Xuemei Huang1, Ken E. Sakaie1, Jian Lin1, Robert J. Fox1, and Mark J. Lowe1
1Imaging Institute, U-15, Cleveland Clinic, Cleveland, OH, United States
Synopsis
Diffusion Tensor Imaging (DTI) analysis was performed in the multi-site
phase II trial of ibudilast in progressive multiple sclerosis. This study
extends that analysis to three pathways to examine DTI measures in 31
progressive MS patients on treatment and 31 patients on placebo. Probabilistic
tracking maps were generated. Mean pathway diffusion measures: longitudinal
diffusivity (LD) and transverse diffusivity (TD) are reported. We report here
that diffusion measures don’t significantly change over time in the treatment
group but we observe a significant change over time in the placebo group.
Introduction
Ibudilast showed slower progression of brain atrophy than placebo in a
phase 2 trial for patients with progressive multiple sclerosis (MS).1
In the same trial, Diffusion Tensor Imaging (DTI) was conducted, with the
protocol-defined outcome focusing on corticospinal tracts (CST). In this study,
we examine DTI measures in the two additional pathways: the optic radiations
(OR) and the Papez circuit (PC). These pathways are of interest because they
are involved with visual and memory function, which are commonly affected in
MS.Method
Data Collection
Under an IRB-approved protocol, 255 subjects were
enrolled in multi-site phase II trial of ibudilast in progressive multiple
sclerosis.1 This analysis analyzed images from a subset of 62
subjects who completed all timepoints on the same scanner (Siemens Trio
(Siemens Healthineers Erlangen, Germany)). 31 subjects were assigned to Ibudilast
and 31 to placebo. Patients were scanned at five time points: baseline, 24, 48,
72 and 96 weeks. Anatomical T1-weighted images
were collected with voxel size of 1mm isotropic. DTI scans were conducted with scan
parameters: TR/TE = 7400ms/80ms, 60 slices, voxel size = 2.5mm isotropic, matrix
= 102x102, 64 b = 700 sec/mm2 and 8 b=0.
Data Analysis
TORTOISE was used for
motion and eddy current distortion correction.2 Images from each
time point were co-registered with AFNI.3 At the right side of
brain, regions of interest were manually drawn on precentral gyrus and peduncle
to define the CST, lateral geniculate nucleus and primary visual cortex for the
OR, and posterior cingulate and entorhinal cortex for the PC. Probabilistic
tracking maps were generated along three pathways with probablistic tractograph.4
Weighted means of DTI measures were calculated along each pathway.4 The
mean, across subjects, of TD and LD at each time point for each group (treatment/placebo)

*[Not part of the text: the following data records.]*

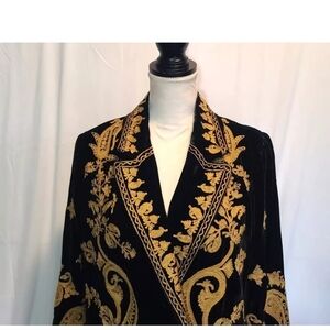 This is a Free People blazer in size Small with a black velvet outer shell featuring a paisley embroidered design. It has long sleeves, a button closure, and a cotton lining. The blazer has a short length and a regular fit, suitable for casual or business occasions. Its style is a basic jacket with a bohemian and artistic theme, perfect for the fall and winter seasons.
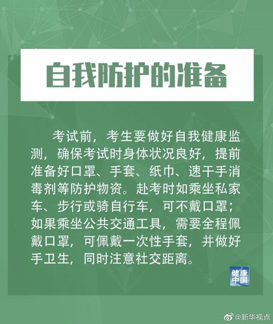 措施提到,低風(fēng)險地區(qū)的考生在進(jìn)入考場前要佩戴口罩,進(jìn)入考場就座后,可以自主決定是否佩戴;備用隔離考場和中高風(fēng)險地區(qū)的考生,要全程佩戴口罩。工作人員和監(jiān)考人員全程佩戴口罩,隔離考場的監(jiān)考員及工作人員須穿戴工作服、醫(yī)用防護(hù)口罩和一次性手套等,必要時可穿戴防護(hù)服。
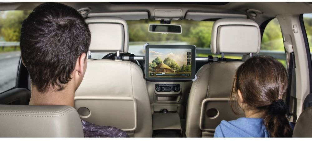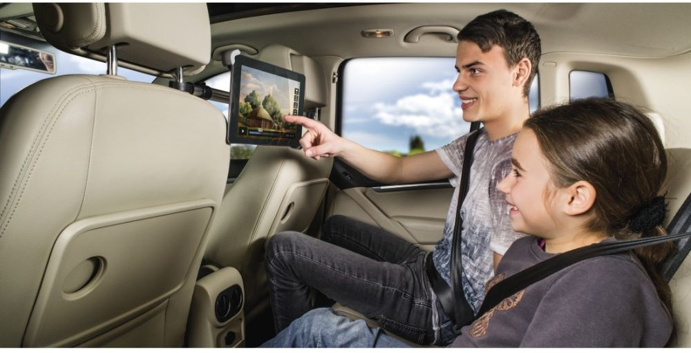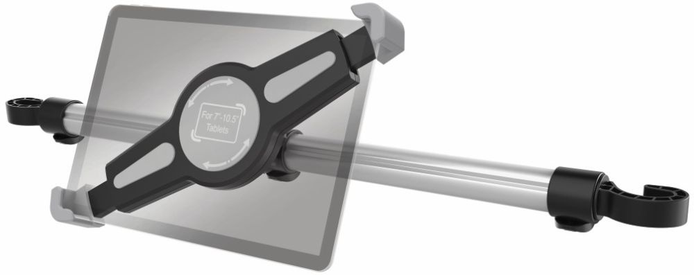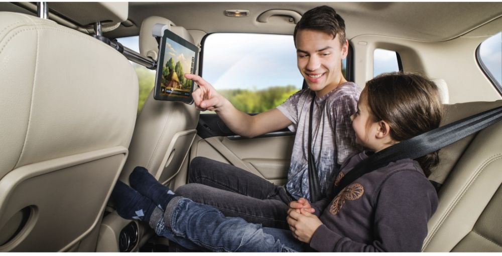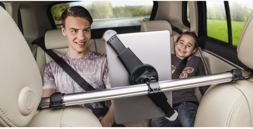 Благодаря шаровому шарниру устройство поворачивается на 360 градусов и имеет регулируемый угол наклона. Крепится между двумя передними сиденьями. Для планшетов от 7 до 10,5"
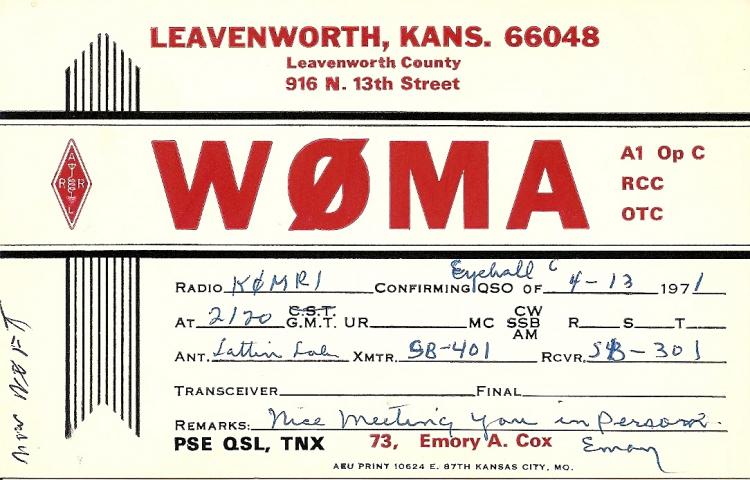 A couple of weeks later another letter arrived that started to nudge open the information door. It was from Bruce Frahm, K0BJ, in Colby, Kansas. He told me that he had been active on QKS, the Kansas NTS (National Traffic System) CW traffic net, in the late '60s and early '70s. He remembered my grandfather as "having a nice clean fist, with the exception of his 'trademark' call sign ID, almost always sent as 'W0Q', with no hint of a space between the 'M' and 'A'. A new station might be waiting for more, but we 'regulars' knew it was Emory!" This was exciting news, but Bruce had more for me! He included the calls of several other people who had been active in QKS at that time and who would probably remember my grandfather.
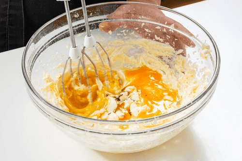 Add eggs and 0.5 teaspoon of vanilla paste, mix.

was subject to linear regression to determine differences in overall trends.Results
Table1 shows mean and standard deviation of TD and LD values on three
pathways for patients with ibudilast and with placebo. Figure 1 shows the results
of regression of the mean across subjects of TD and LD. The trend in which values stay level over
time in the treatment group but change over time in the control group is
preserved.Discussion and Conclusion
The results suggest that DTI on three pathways is sensitive to
longitudinal changes in MS patients under placebo treatment. In conclusion, DTI
may prove valuable as an imaging biomarker for longitudinal trials of MS
therapy. The future analysis will examine correlation with clinical disability.Acknowledgements
We acknowledge support from the National Institute of Neurological
Disorders and Stroke (U01NS082329), National Multiple Sclerosis Society (RG
4778-A-6) and from MediciNova through a contract with the National Institutes
of Health.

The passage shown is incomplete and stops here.